The web feels slower and more broken each day - kluck
http://www.nngroup.com/articles/website-response-times/
======
kluck
I just came across this post:
[https://news.ycombinator.com/item?id=6825557](https://news.ycombinator.com/item?id=6825557)
where another user expresses his/her feeling about the perceived performance
of websites these days.

And I myself also feel that it is a real problem. Developers (like myself and
a lot of hackernews folk) should tackle this. I constantly find myself
switching browsers because none really fits the bill. No browser works with
all websites - there is too much complexitiy going on while in theory it could
be so simple...

A lot is to blame for heavy use of JavaScript where it is not actually needed.
But I am sure there are many more reasons.

------
Sami_Lehtinen
I think you've just forgotten how things used to be. Like if you encounter
BSOD or something, you'll get upset. But do you remember how often Windows 3.1
freeware / shareware apps crashed? I also remember sites which said
immediately, that this site operates only using IE 6 or something similar,
refusing completely to load without right browser.

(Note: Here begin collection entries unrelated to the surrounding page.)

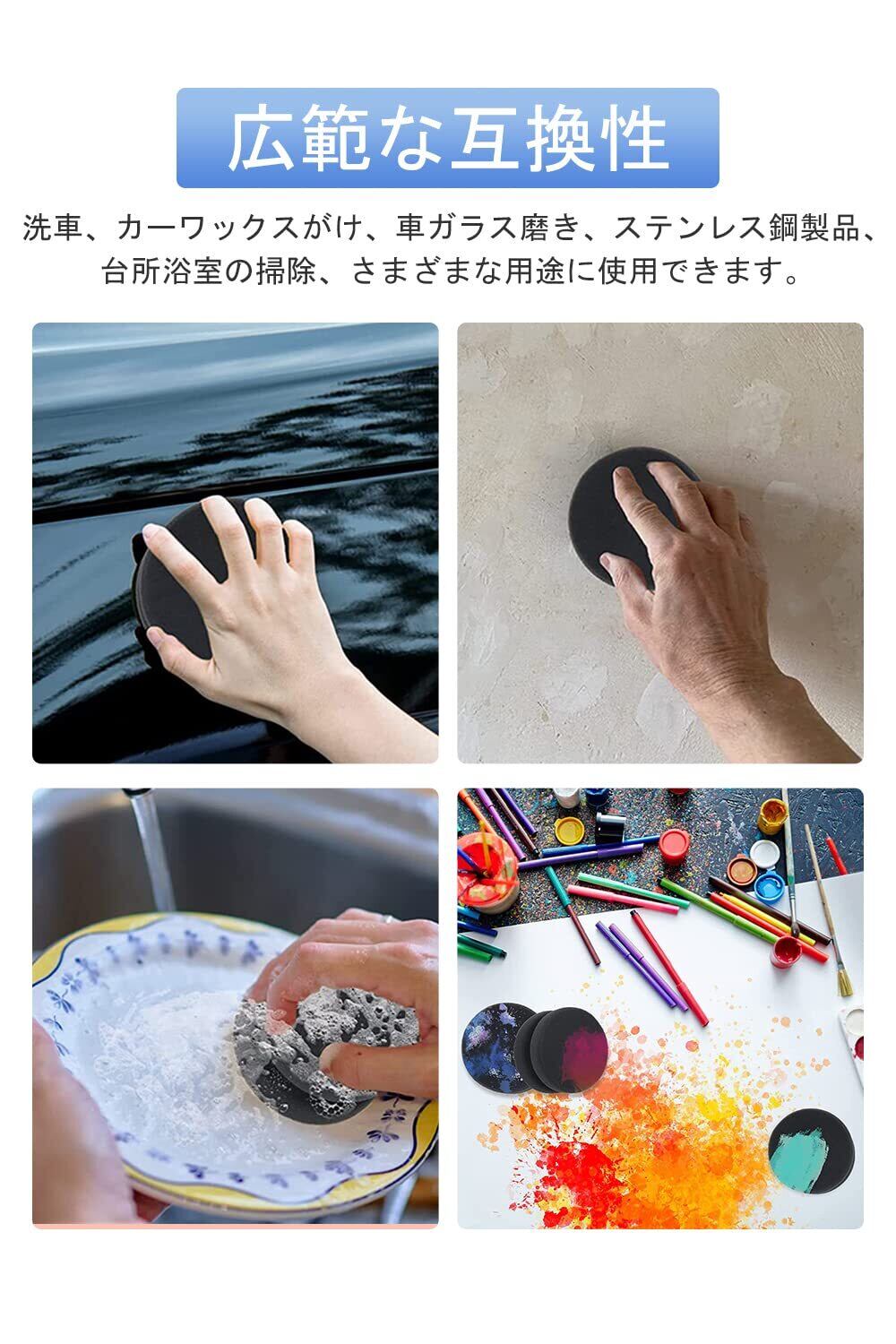 【材質】丸いスポンジ、強力な吸水性と耐久性。細目ポリッシャースポンジは洗車やワックスがけ、コンパウンド、研磨、ワックスがけなどに使えます。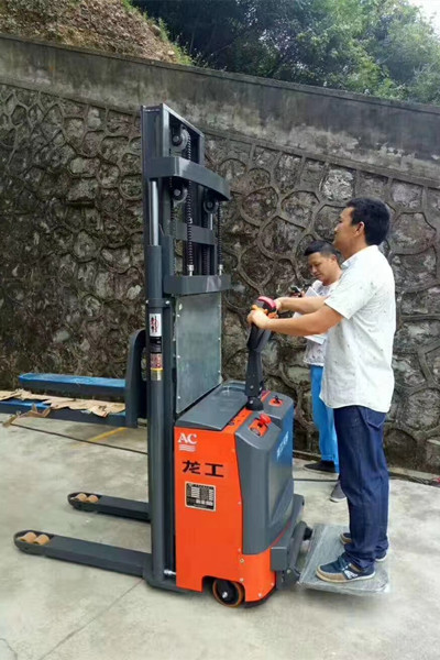 1、龍工電動(dòng)托盤(pán)堆高車,電動(dòng)堆高車前有底腿,主要是為了平衡和支撐,適合單面托盤(pán)或不用托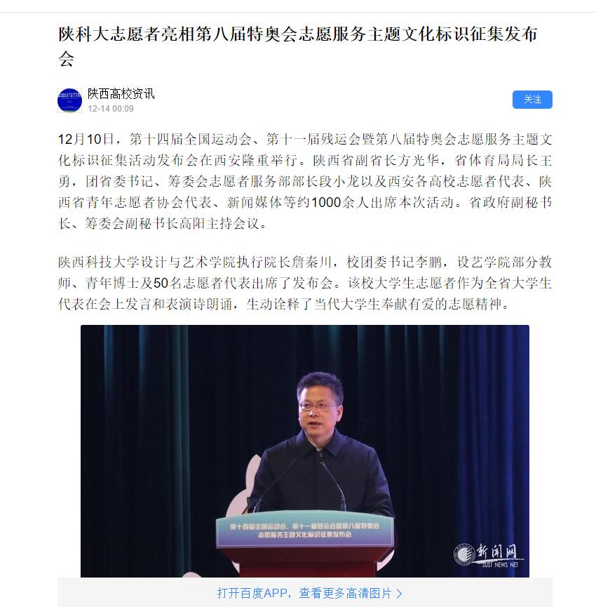 百度APP:陜科大志愿者亮相第八屆特奧會志愿服務主題文化標識征集發(fā)布會

When I create web sites, I'll always focus on performance. Like most of pages
require just single item to be downloaded and no, I'm not inlining stuff. I'm
just reusing already downloaded stuff. And even amount of that stuff is
minimized. Benefit? On slow mobile connection my pages load in under a second,
versus many sites which might take minutes(!) yes, that's right to load.

I'm sure anyone using NoScript has noticed how full of s*t many popular web
sites are today. My sites all load from single domain using https, no 3rd part
junk.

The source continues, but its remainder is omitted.